Would love some help, insight...!!!
Thanks a lot!!!


----------



## bluester (Sep 23, 2010)

Difficult to compare as they are both very different. Umm suquiem / jumeirah has more smaller independent shops and amenities, but both have beaches close by. Palm properties are newer, but I'd say if budget isn't a concern then villas in umm suquiem would be a better option overall. Quality of places varies greatly in this area as properties are older so you'd need to look at a few to see what your money buys. If it's apartment living you are looking for, then it would be the palm as there are almost no villas in jumeirah. All depends on your leisure and family needs i guess


----------



## bluester (Sep 23, 2010)

Sorry... Almost no APARTMENTS in Jumeirah


----------



## delgado (Apr 28, 2011)

Thanks!!! I was tempted By the seaview idea....
I also have teenagers... Is it important in the choice of the place/zone??


----------



## bluester (Sep 23, 2010)

I'd say so... If they are of school age, there are many schools in jumeirah and umm suquiem.
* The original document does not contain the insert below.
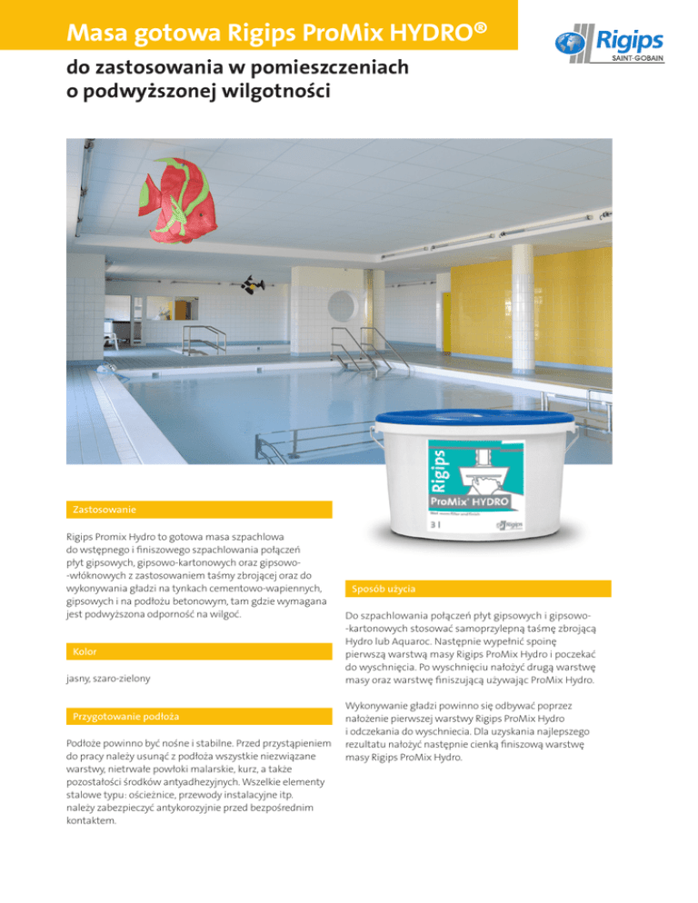 Masa gotowa Rigips ProMix HYDRO® do zastosowania w pomieszczeniach o podwyższonej wilgotności Zastosowanie Rigips Promix Hydro to gotowa masa szpachlowa do wstępnego i finiszowego szpachlowania połączeń płyt gipsowych, gipsowo-kartonowych oraz gipsowo ‑włóknowych z zastosowaniem taśmy zbrojącej oraz do wykonywania gładzi na tynkach cementowo-wapiennych, gipsowych i na podłożu betonowym, tam gdzie wymagana jest podwyższona odporność na wilgoć. Kolor jasny, szaro-zielony Przygotowanie podłoża Podłoże powinno być nośne i stabilne. Przed przystąpieniem do pracy należy usunąć z podłoża wszystkie niezwiązane warstwy, nietrwałe powłoki malarskie, kurz, a także pozostałości środków antyadhezyjnych. Wszelkie elementy stalowe typu: ościeżnice, przewody instalacyjne itp. należy zabezpieczyć antykorozyjnie przed bezpośrednim kontaktem. Sposób użycia Do szpachlowania połączeń płyt gipsowych i gipsowo ‑kartonowych stosować samoprzylepną taśmę zbrojącą Hydro lub Aquaroc. Następnie wypełnić spoinę pierwszą warstwą masy Rigips ProMix Hydro i poczekać do wyschnięcia. Po wyschnięciu nałożyć drugą warstwę masy oraz warstwę finiszującą używając ProMix Hydro. Wykonywanie gładzi powinno się odbywać poprzez nałożenie pierwszej warstwy Rigips ProMix Hydro i odczekania do wyschniecia. Dla uzyskania najlepszego rezultatu nałożyć następnie cienką finiszową warstwę masy Rigips ProMix Hydro. Masa gotowa Rigips ProMix HYDRO® do zastosowania w pomieszczeniach o podwyższonej wilgotności Informacje techniczne •temperatura otoczenia oraz powierzchni powinna wynosić min. +5°C, max +30°C •Rigips ProMix Hydro jest produktem wysychającym Zużycie •spoinowanie płyt g-k = ca. 0,3 l/m² •wygładzanie powierzchni = ca. 1 l/m²/mm Wskazówki •termin ważności: 12 miesięcy od daty produkcji, w opakowaniu fabrycznie zamkniętym (data produkcji na opakowaniu) •przechowywać w temp. min. +5°C, max +30°C •produkt przechowywać w miejscu niedostępnym dla dzieci •podczas użytkowania stosować odpowiednie środki ochronne •postępować zgodnie z Kartą Charakterystki Saint-Gobain Construction Products Polska Sp. z o.o. Biuro Rigips w Warszawie ul. Cybernetyki 21 02-677 Warszawa Tel. +48 22 457 14 57 lub 8 Fax +48 22 457 14 55 Dział techniczny 801 328 788 www.rigips.pl Bezpieczeństwo Rigips ProMix Hydro jest produktem nietoksycznym w trakcie użycia i podczas eksploatacji, mimo to należy stosować odpowiednie środki ochronne. W przypadku dostania się mieszaniny do oczu należy przemyć wodą i skontaktować się z lekarzem. Produkt należy przechowywać w miejscu niedostępnym dla dzieci. Należy postępować zgodnie z Kartą Charakterystyki Mieszaniny. Dystrybutor Saint-Gobain Construction Products Polska Sp. z o.o., ul. Okrężna 16, 44-100, Gliwice www.rigips.pl Dane zawarte w niniejszej ulotce stanowią wyłącznie opis produktu. Są to ogólne wskazówki oparte na naszej wiedzy i doświadczeniach i nie odnoszą się do konkretnych zastosowań. Stale ulepszając i rozwijając oferowane przez naszą firmę produkty, zastrzegamy sobie prawo do zmiany parametrów bez uprzedniego informowania. Prezentowane dane nie mogą stanowić podstawy do jakichkolwiek roszczeń. W razie potrzeby prosimy zwrócić się do Działu Technicznego Rigips. listopad 2013 produkt: ProMix Hydro® – str. 2/2

There are none on the palm. Overall I'd say jumeirah has much more of a family feel. Depending on where you choose you can also get a sea view there, although it will cost more. Places on or near al wasl road / jumeirah road are only a short walk from a (better than the palm) beach IMO


----------



## delgado (Apr 28, 2011)

Ok!! Thanks for the advice (precise!);-)


----------



## Gavtek (Aug 23, 2009)

I wouldn't live on the Palm. One reasonably sized earthquake in southern Iran and you're all going to die, reclaimed by the sea.


----------



## delgado (Apr 28, 2011)

Tempting;-)))


----------



## Annemoongod (Apr 10, 2011)

Gavtek said:


> I wouldn't live on the Palm. One reasonably sized earthquake in southern Iran and you're all going to die, reclaimed by the sea.


Hello , are there many reasonably sized earthquakes in Sothern Iran? 
how big would it have to be to be unreasonable ?


----------



## Gavtek (Aug 23, 2009)

There are earthquakes in southern Iran all the time, it's not uncommon to feel the tremors in the UAE.

I'm no expert in structural engineering but I'd imagine a foundation of compacted sand wouldn't react too well to a good shaking from underneath. It would take just one section to be weaker than the rest and it would be a domino effect.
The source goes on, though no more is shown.